▶ _WHAT IS REQUIRED_: All entries should be copied exactly; the pictures stay out.

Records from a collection

##############################

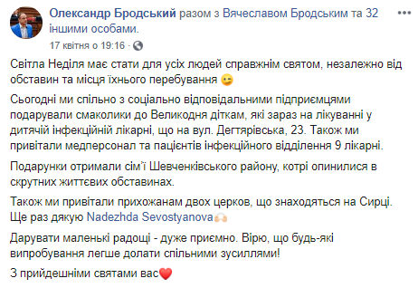 Навіть коли церква публічно заборонила приходити до храмів освячувати паски, депутати йшли й освячували більше тисячі пасок. А «єднівець» Олександр Бродський пригощав великодніми пряниками дітей в інфекційній лікарні, хоча пацієнти інфекційного відділення повинні якнайменше контактувати зі сторонніми людьми.
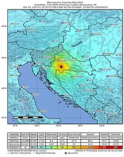A las 12:19 p.m. CET (11:19 UTC) del 29 de diciembre de 2020, un terremoto de magnitud 6.4Mw, 6.2ML, golpeó el condado de Sisak-Moslavina, Croacia, con un epicentro a 3 km (1.8 millas) al oeste-suroeste de Petrinja. La intensidad máxima del fieltro se estimó en VIII (muy dañino) a IX (destructivo) en la escala macrosísmica europea. Antes de este evento hubo tres sismos, el más fuerte de los cuales tuvo una magnitud de 5,2 Mw el día anterior. Al terremoto le siguieron numerosas réplicas, la más fuerte de las cuales tuvo una magnitud de 4,8 Mw.[1]
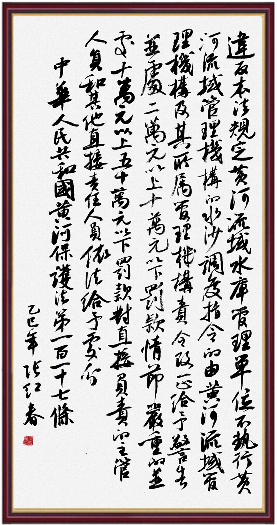 黃河寧,天下平。黃河是中華民族的發(fā)源地和搖籃,保護黃河是事關中華民族偉大復興的千秋大計。《中華人民共和國黃河保護法》為推進水資源節(jié)約集約利用、保護傳承弘揚黃河文化、推動黃河流域生態(tài)保護和高質量發(fā)展提供了有力法治保障。繼書寫《中華人民共和國民法典》《中華人民共和國憲法》《中華人民共和國澳門特別行政區(qū)基本法》《中華人民共和國香港特別行政區(qū)基本法》《中華人民共和國國旗法》《中華人民共和國國徽法》《中華人民共和國國歌法》《中華人民共和國法官法》等法律法規(guī)之后,法制日報社聯(lián)合沿黃九省(區(qū))司法廳、書法家協(xié)會,將筆端對準《中華人民共和國黃河保護法》。
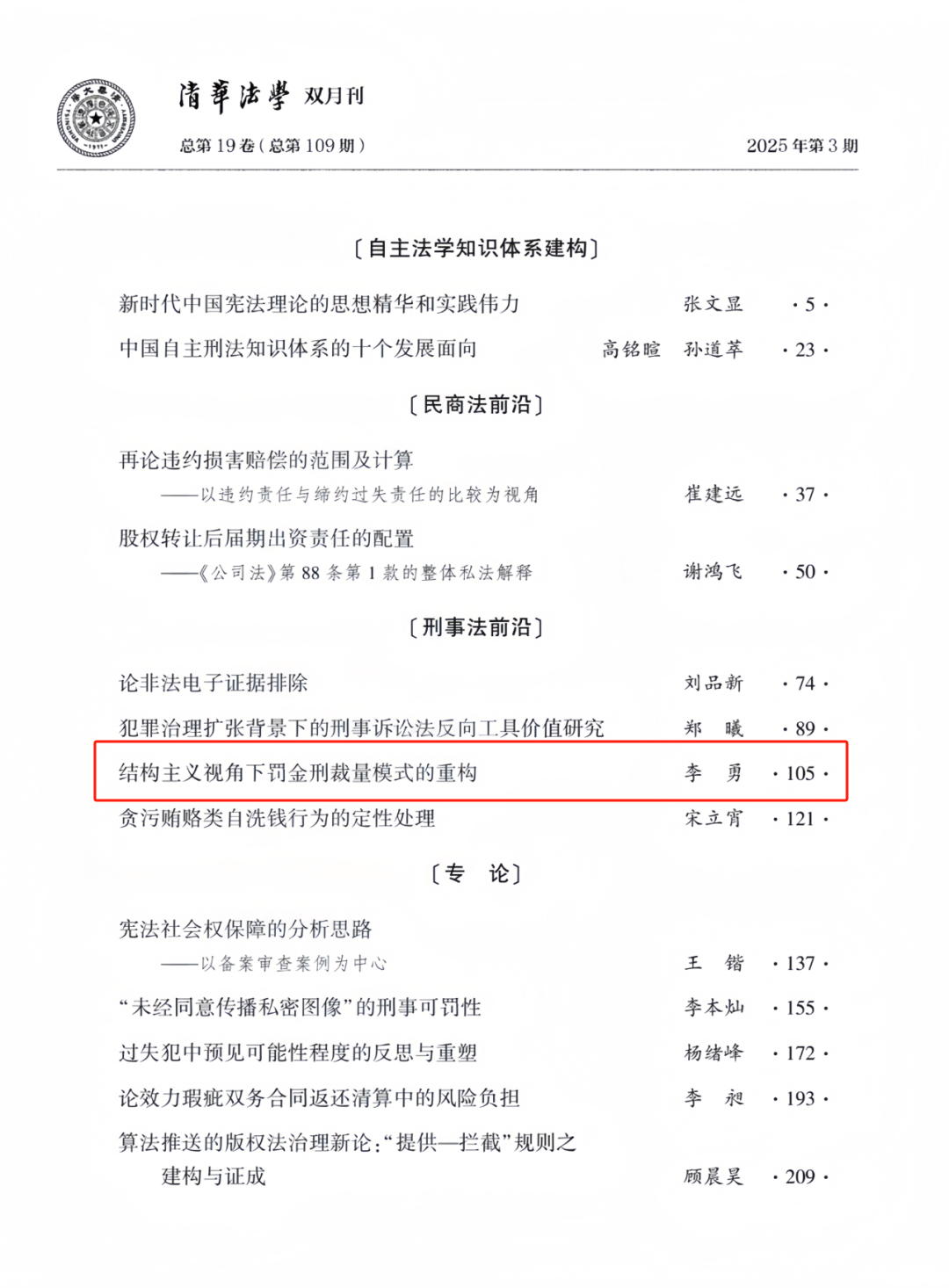 近日,ok1188诸侯快讯官方特聘教授、江苏省南京市人民检察院法律政策研究室主任在CLSCI来源期刊《清华法学》2025年第3期发表论文《结构主义视角下罚金刑裁量模式的重构》。
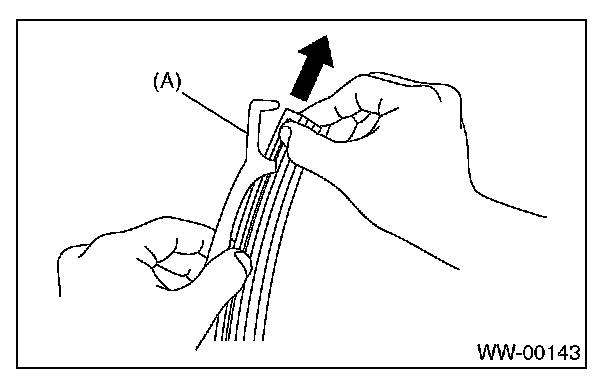 Pull the wiper rubber top slightly from the stopper (A) and pull out fully.
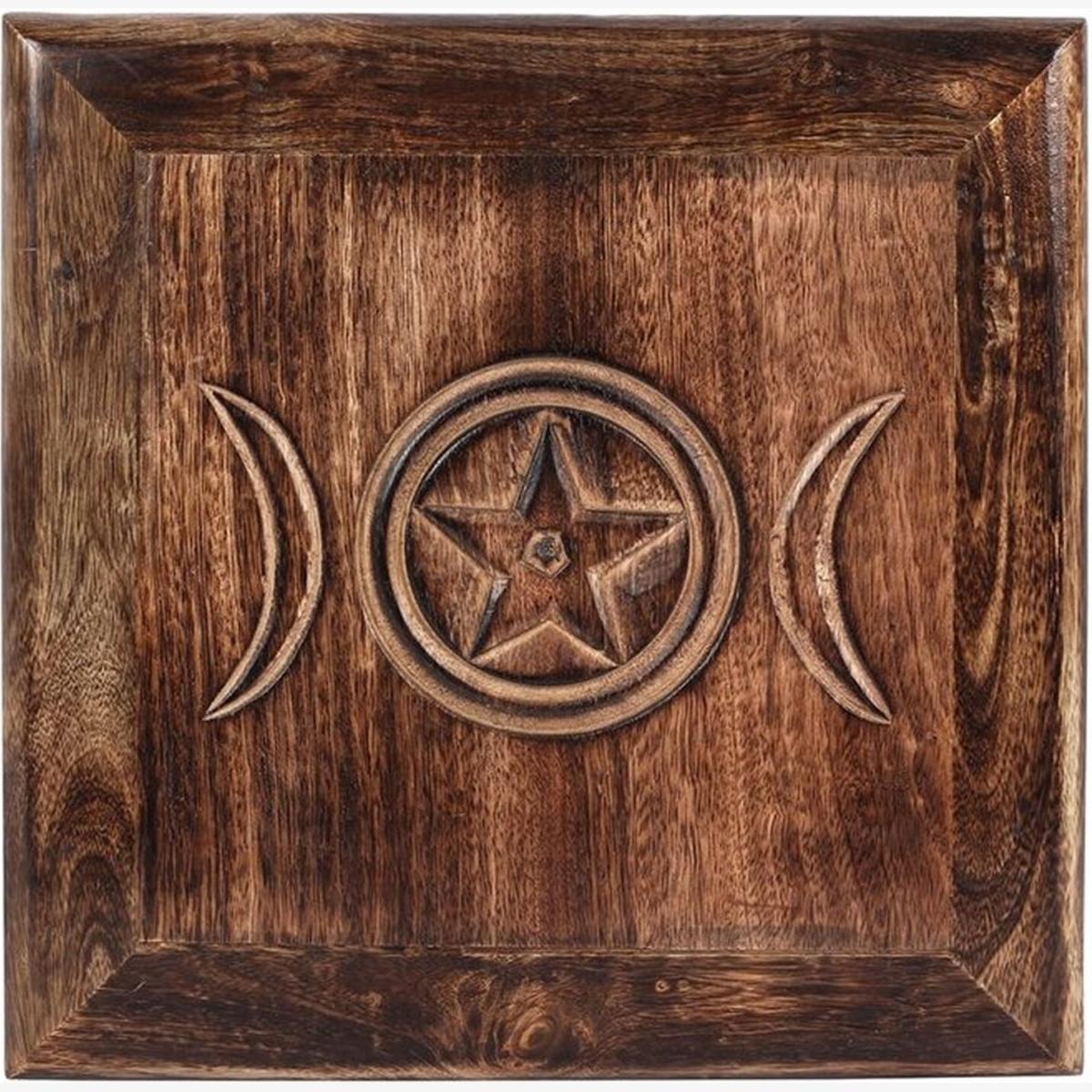 Introducing our Triple Moon Altar Table, a masterpiece for your sacred space. Crafted from mango wood, this medium-sized altar table boasts an exquisitely finished design that radiates elegance. Adorned with a triple moon motif, it embodies the mystique of lunar energy. Elevate your rituals and ceremonies with this captivating table that seamlessly blends aesthetics and functionality. Embrace the symbolism of the triple moon while infusing your spiritual corner with natural beauty and grace.

##############################

▶ _RESULT_:
 Навіть коли церква публічно заборонила приходити до храмів освячувати паски, депутати йшли й освячували більше тисячі пасок. А «єднівець» Олександр Бродський пригощав великодніми пряниками дітей в інфекційній лікарні, хоча пацієнти інфекційного відділення повинні якнайменше контактувати зі сторонніми людьми.
A las 12:19 p.m. CET (11:19 UTC) del 29 de diciembre de 2020, un terremoto de magnitud 6.4Mw, 6.2ML, golpeó el condado de Sisak-Moslavina, Croacia, con un epicentro a 3 km (1.8 millas) al oeste-suroeste de Petrinja. La intensidad máxima del fieltro se estimó en VIII (muy dañino) a IX (destructivo) en la escala macrosísmica europea. Antes de este evento hubo tres sismos, el más fuerte de los cuales tuvo una magnitud de 5,2 Mw el día anterior. Al terremoto le siguieron numerosas réplicas, la más fuerte de las cuales tuvo una magnitud de 4,8 Mw.[1]
 黃河寧,天下平。黃河是中華民族的發(fā)源地和搖籃,保護黃河是事關中華民族偉大復興的千秋大計。《中華人民共和國黃河保護法》為推進水資源節(jié)約集約利用、保護傳承弘揚黃河文化、推動黃河流域生態(tài)保護和高質量發(fā)展提供了有力法治保障。繼書寫《中華人民共和國民法典》《中華人民共和國憲法》《中華人民共和國澳門特別行政區(qū)基本法》《中華人民共和國香港特別行政區(qū)基本法》《中華人民共和國國旗法》《中華人民共和國國徽法》《中華人民共和國國歌法》《中華人民共和國法官法》等法律法規(guī)之后,法制日報社聯(lián)合沿黃九省(區(qū))司法廳、書法家協(xié)會,將筆端對準《中華人民共和國黃河保護法》。
 近日,ok1188诸侯快讯官方特聘教授、江苏省南京市人民检察院法律政策研究室主任在CLSCI来源期刊《清华法学》2025年第3期发表论文《结构主义视角下罚金刑裁量模式的重构》。
 Pull the wiper rubber top slightly from the stopper (A) and pull out fully.
 Introducing our Triple Moon Altar Table, a masterpiece for your sacred space. Crafted from mango wood, this medium-sized altar table boasts an exquisitely finished design that radiates elegance. Adorned with a triple moon motif, it embodies the mystique of lunar energy. Elevate your rituals and ceremonies with this captivating table that seamlessly blends aesthetics and functionality. Embrace the symbolism of the triple moon while infusing your spiritual corner with natural beauty and grace.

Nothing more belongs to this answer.